La plupart des spécialistes dans ce domaine conviendraient certes qu’une religion est un système de croyances et de pratiques dont le point de référence est le surnaturel, le sacré ou le transcendant. En se basant sur ce point de départ, il est possible d’identifier diverses caractéristiques présentes dans presque toutes, si ce n’est toutes, les religions. Plus un système particulier de croyances et de pratiques est conforme à ces caractéristiques, plus il peut être considéré sans équivoque comme une religion.

En identifiant les caractéristiques présentes habituellement dans les religions, j’utiliserai un schéma développé par le philosophe britannique Roderick Ninian Smart, l’un des spécialistes des religions du monde parmi les plus en vue3. Comme ces caractéristiques m’ont déjà servi de référence lors de mes précédents travaux4, je ne les ai pas utilisées dans le cadre de la présente étude.

Je ne suis pas scientologue. Pour formuler mes conclusions, j’ai mené une étude détaillée des publications de la Scientology, j’ai observé les activités de l’Église de Scientology de Sydney et je me suis entretenu avec plusieurs de ses membres. J’ai aussi pris connaissance de différentes études sociologiques sur la Scientology dans d’autres régions du monde.

Les principales publications de la Scientology que j’ai étudiées sont classées ici par ordre de date de leur première publication :

La Dianétique : la puissance de la pensée sur le corps (1950)

La Dianétique : évolution d’une science (1950)

Science de la survie (1951)

Procédure avancée et Axiomes (1951)

Scientologie : une histoire de l’Homme (1952)

Scientologie 8-80 (1952)

Scientologie 8-8008 (1952)

Conférences de Phoenix (données en 1954, publiées en 1968)

La création des aptitudes humaines (1955)

Scientologie : les fondements de la vie (1956)

Avez-vous vécu avant cette vie ? (1960, révisé et élargi en 1977)

Introduction à l’éthique de Scientologie (1968, révisé et mis à jour en 1989)

Scientologie 0-8 : le livre des fondements (1970)

Les antécédents, le ministère, les cérémonies et les sermons de la religion de Scientologie (1970)

Mission dans le temps (1973, version élargie du Test de rappel de la piste totale, 1968)

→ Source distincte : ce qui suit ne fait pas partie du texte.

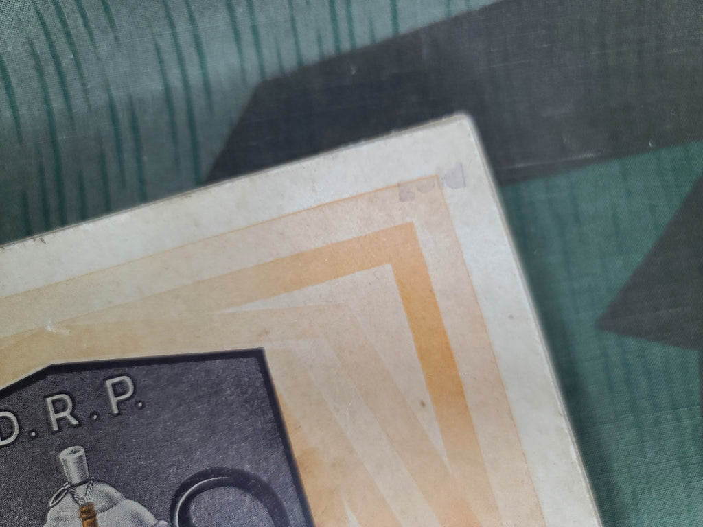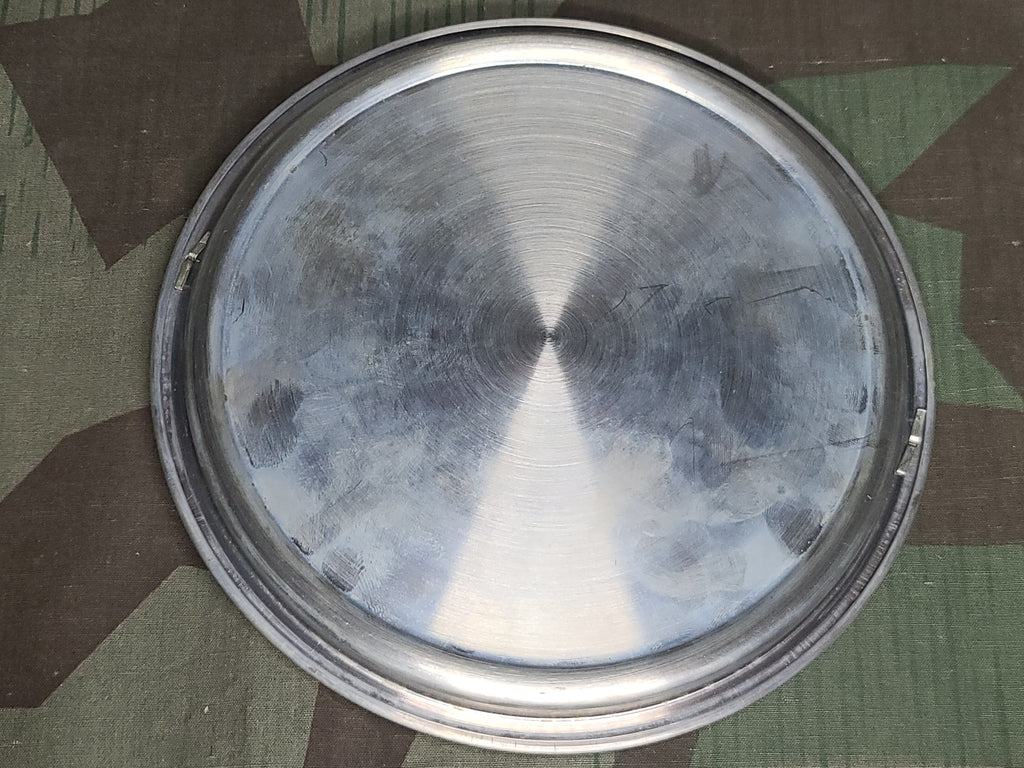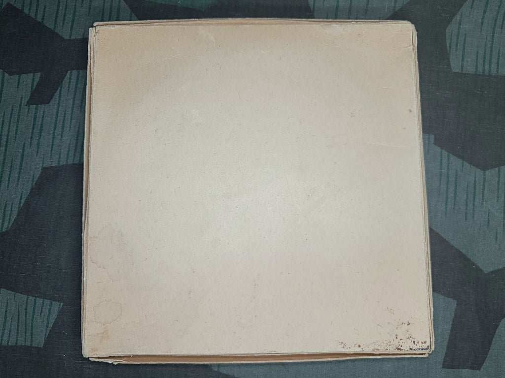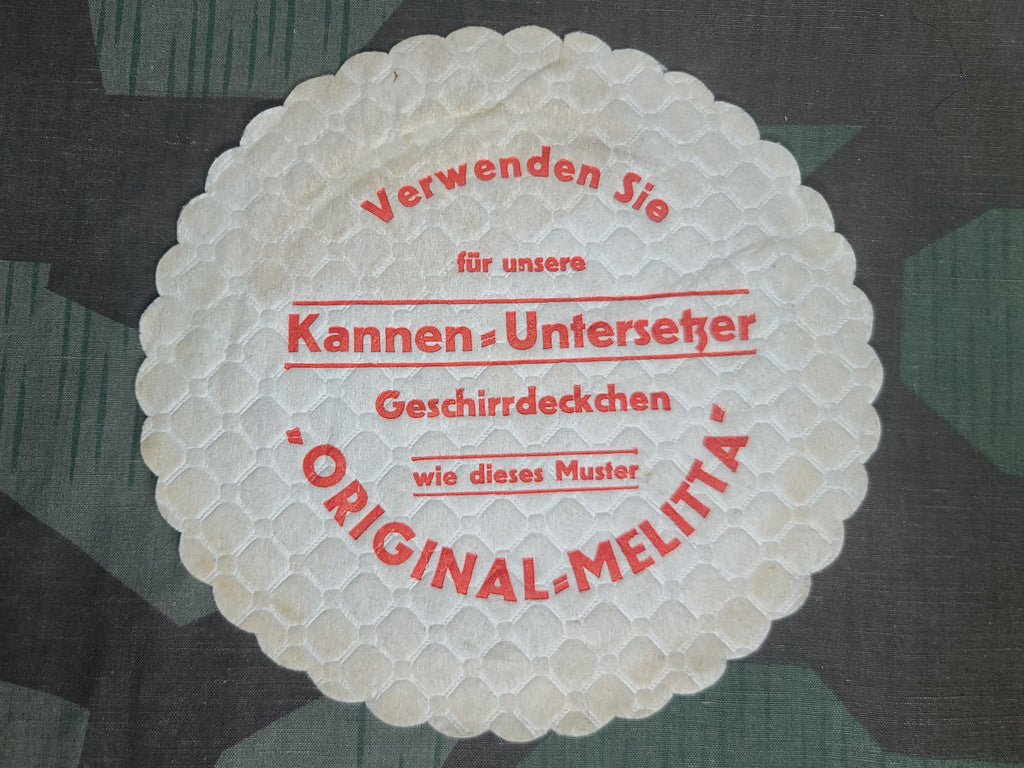 This one is new old stock, unused, with its original box. The box shows some very light wear. The coaster itself is basically like new. There is another disposable coaster that is an advertisement for Melitta products. The disposable coaster shows some wear and discoloration. I assume this piece would sit on the yellow felt to protect it from spills.

Le chemin du bonheur (1981)

Comprendre l’électromètre (1982, révisé en 1988)

Qu’est-ce que la Scientologie ? (1992)

Le Manuel de Scientologie, basé sur les œuvres de L. Ron Hubbard (1994)

L’Église de Scientology, 40e anniversaire (1994)

Toutes les publications ci-dessus ont valeur officielle à l’intérieur de l’Église de Scientology, et ce sont presque toutes des écrits de L. Ron Hubbard. Celles qui n’ont pas été écrites entièrement par Ron Hubbard s’appuient largement sur ses écrits. Les citations et les références données ci-dessous sont tirées de la plus récente édition disponible [en anglais].

1. Walter Garrison Runciman, « The Sociological Explanation of “Religious” Beliefs », Archives européennes de sociologie 10 (1969) : 149–191.

2. Werner Cohn, « Is Religion Universal ? Problems of Definition », Journal for the Scientific Study of Religion 2 (1962) : 25–33.

3. Roderick Ninian Smart a été professeur d’études religieuses à l’Université de Lancaster (en Grande-Bretagne) de 1967 à 1982. Il a été professeur au Département des études religieuses de l’Université de Californie à Santa Barbara depuis 1976 et il y est actuellement titulaire de la chaire J. F. Rowney d’étude comparative des religions.

4. Par exemple, Alan W. Black et Peter E. Glasner, éditeurs. Pratique et croyance : études en sociologie de la religion en Australie, Sydney : Allen et Unwin, 1983.